Message ID 1500571312-19049-2-git-send-email-i.maximets@samsung.com
State Changes Requested
Headers show

Commit Message

Ilya Maximets July 20, 2017, 5:21 p.m. UTC
There are 3 constraints for moving hashes from one slave to another:

	1. The load difference is larger than ~3% of one slave's load.
	2. The load difference between slaves exceeds 100000 bytes.
	3. Moving of the hash makes the load difference lower by > 10%.

In current implementation if one of the slaves goes DOWN state, all
the hashes assigned to it will be moved to other slaves. After that,
if slave will go UP it will wait for rebalancing to get some hashes.
But in case where we have more than 10 equally loaded hashes it
will never fit constraint #3, because each hash will handle less than
10% of the load. Situation become worse when number of flows grows
higher and it's almost impossible to migrate any hash when all the
256 hash entries are used which is very likely when we have few
hundreds/thousands of flows.

As a result, if one of the slaves goes down and up while traffic
flows, it will never be used again for packet transmission.
Situation will not be fixed even if we'll stop traffic completely
and start it again because first two constraints will block
rebalancing on the earlier stages while we have low amount of traffic.

Moving of one hash if destination has no hashes as it was before
commit c460a6a7bc75 ("ofproto/bond: simplify rebalancing logic")
will not help because having one hash isn't enough to make load
difference less than 10% of total load and this slave will
handle only that one hash forever.

To fix this lets try to move few hashes simultaniously to fit
constraint #3.

Implementation includes sorting of 'entries' to be able to collect
entries with accumulated load close enough to ideal value.

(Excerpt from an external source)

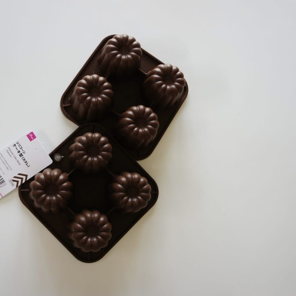 一大ブームだった当時はお店からこの型が消えたという逸話がある伝説の商品、カヌレ型(らしい)ですが、近所のダイソーに普通にありました。

Signed-off-by: Ilya Maximets <i.maximets@samsung.com>
---

I guess, the following tag should be correct, but not sure,
it was too long ago ...

Fixes: 5422a9e189c6 ("bonding: Balance bond slaves based on ratio.")

 ofproto/bond.c | 128 ++++++++++++++++++++++++++++++++++++++++-----------------
 1 file changed, 90 insertions(+), 38 deletions(-)

Comments

Andy Zhou Aug. 2, 2017, 9:09 p.m. UTC | #1
On Thu, Jul 20, 2017 at 10:21 AM, Ilya Maximets <i.maximets@samsung.com> wrote:
> There are 3 constraints for moving hashes from one slave to another:
>
>         1. The load difference is larger than ~3% of one slave's load.
>         2. The load difference between slaves exceeds 100000 bytes.
>         3. Moving of the hash makes the load difference lower by > 10%.
>
> In current implementation if one of the slaves goes DOWN state, all
> the hashes assigned to it will be moved to other slaves. After that,
> if slave will go UP it will wait for rebalancing to get some hashes.
> But in case where we have more than 10 equally loaded hashes it
> will never fit constraint #3, because each hash will handle less than
> 10% of the load. Situation become worse when number of flows grows
> higher and it's almost impossible to migrate any hash when all the
> 256 hash entries are used which is very likely when we have few
> hundreds/thousands of flows.
>
> As a result, if one of the slaves goes down and up while traffic
> flows, it will never be used again for packet transmission.
> Situation will not be fixed even if we'll stop traffic completely
> and start it again because first two constraints will block
> rebalancing on the earlier stages while we have low amount of traffic.
>
> Moving of one hash if destination has no hashes as it was before
> commit c460a6a7bc75 ("ofproto/bond: simplify rebalancing logic")
> will not help because having one hash isn't enough to make load
> difference less than 10% of total load and this slave will
> handle only that one hash forever.
>
> To fix this lets try to move few hashes simultaniously to fit
> constraint #3.

Thanks for working on this.

Current interface tries to only rebalance one hash bucket at a time.
There are two reasons I can think of:

In general, It is good idea to keep flow binding stable. Moving flow
introduces side effects, such as packet re-ordering, that impacts
application performances significantly.

The second reason is the bandwidth each flow consumes tends to
be more dynamic in practice.  It is usually pointless to use a snapshot
of bandwidth consumption to come up a "perfect" bond port binding.
For example, TCP flows rate adapt to available bandwidth.  It is
probably better to make smaller changes in each rebalancing step.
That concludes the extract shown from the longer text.